INFORMATION SUPPLIED Block Start

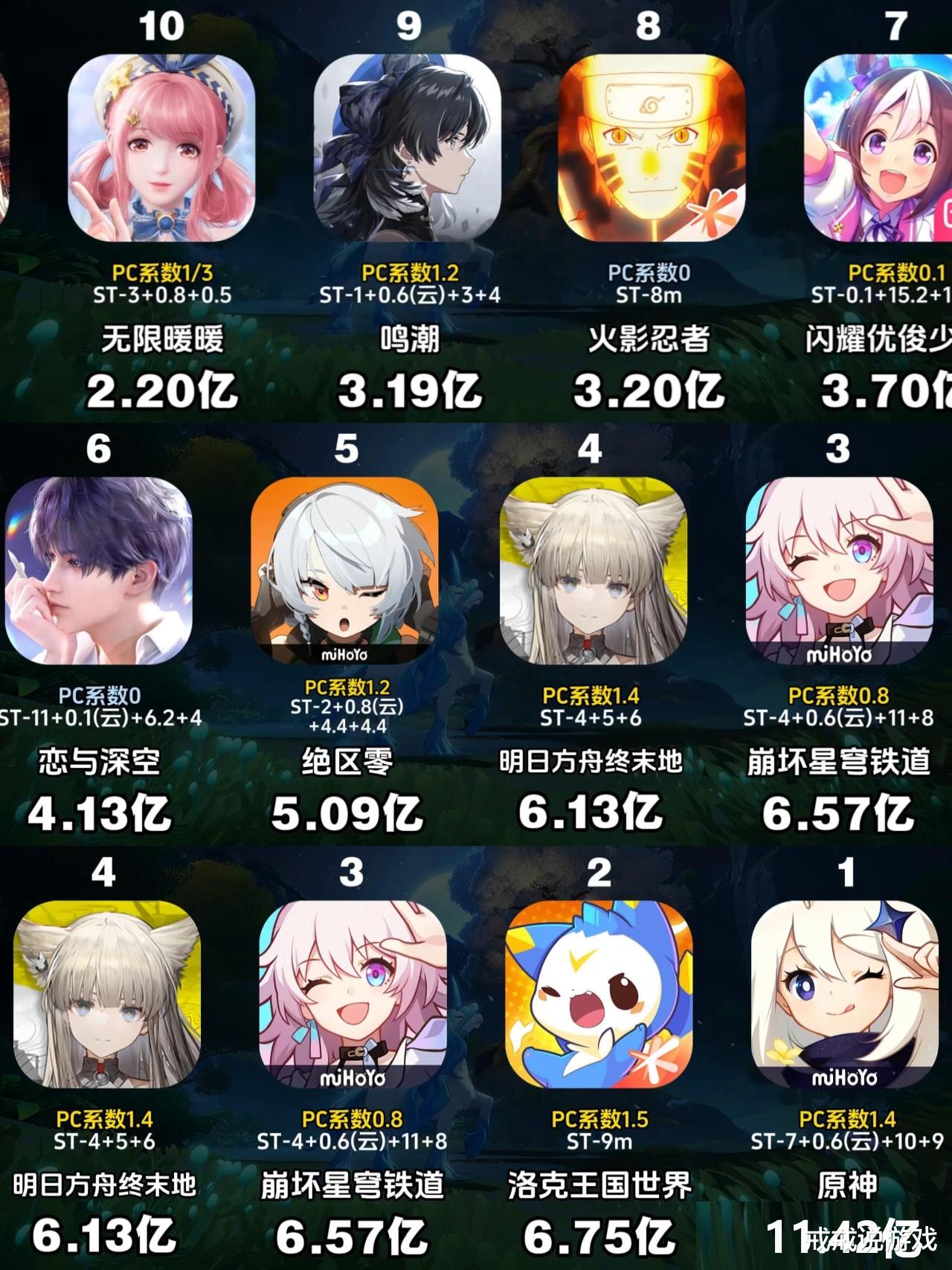 终末地这次倒是稳,虽然不是前三但也没掉出前列。鹰角这公司挺有意思的,从来不搞什么大新闻就是老老实实做内容。付费点主要靠皮肤,角色本身不逼氪玩家黏性高得离谱。有贴吧老哥调侃说鹰角看腾大哥卖付费皮肤赚翻了,估计也在琢磨是不是该学学。不过以鹰角的调性,大概率还是继续走自己的慢节奏路线。反正流水这东西看看就好别太当真,游戏好不好玩自己上手才知道。
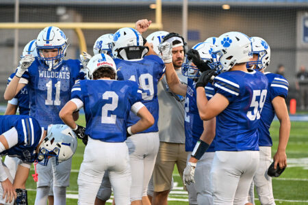 - TIM WEIGHT/For the Express Central Mountain football players listen to a coach during a football game on Friday, Sept. 19, 2025, at Malinak Stadium. The Wildcats fell 35-7.
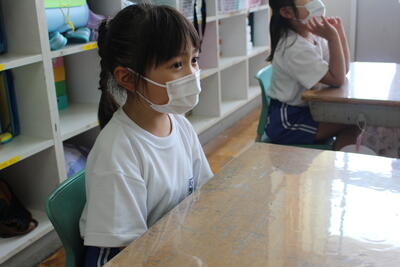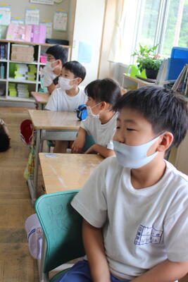 2021年7月16日 12時20分1・2年生への特別授業を、教頭先生(英語科の免許所有、英語科の指導主事経験)の外国語で行いました。
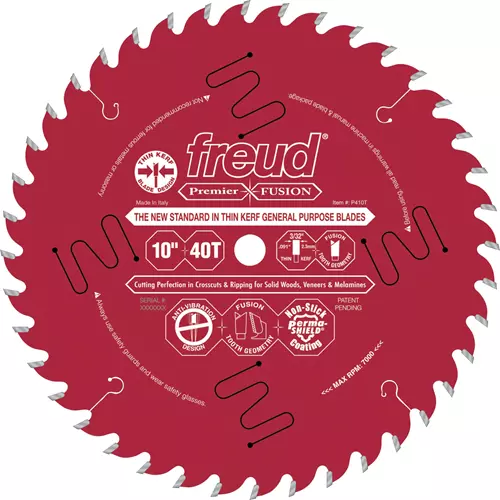 Freud engineers have discovered the ultimate combination of fused tooth grind geometry, blade body rigidity, precise tensioning, a special carbide blend and superior carbide brazing, non-stick Perma-SHIELD® coating and high performance anti-vibration – all working together in concert to provide the ultimate cut. One blade does it all. Whether you're ripping or crosscutting, a Premier Fusion blade will tackle any project.

INFORMATION SUPPLIED Block End

WHAT YOU SHOULD DO: Keep the pictures out and transcribe the listing exactly.

EXERCISE RESPONSE:
 终末地这次倒是稳,虽然不是前三但也没掉出前列。鹰角这公司挺有意思的,从来不搞什么大新闻就是老老实实做内容。付费点主要靠皮肤,角色本身不逼氪玩家黏性高得离谱。有贴吧老哥调侃说鹰角看腾大哥卖付费皮肤赚翻了,估计也在琢磨是不是该学学。不过以鹰角的调性,大概率还是继续走自己的慢节奏路线。反正流水这东西看看就好别太当真,游戏好不好玩自己上手才知道。
 - TIM WEIGHT/For the Express Central Mountain football players listen to a coach during a football game on Friday, Sept. 19, 2025, at Malinak Stadium. The Wildcats fell 35-7.
 2021年7月16日 12時20分1・2年生への特別授業を、教頭先生(英語科の免許所有、英語科の指導主事経験)の外国語で行いました。
 Freud engineers have discovered the ultimate combination of fused tooth grind geometry, blade body rigidity, precise tensioning, a special carbide blend and superior carbide brazing, non-stick Perma-SHIELD® coating and high performance anti-vibration – all working together in concert to provide the ultimate cut. One blade does it all. Whether you're ripping or crosscutting, a Premier Fusion blade will tackle any project.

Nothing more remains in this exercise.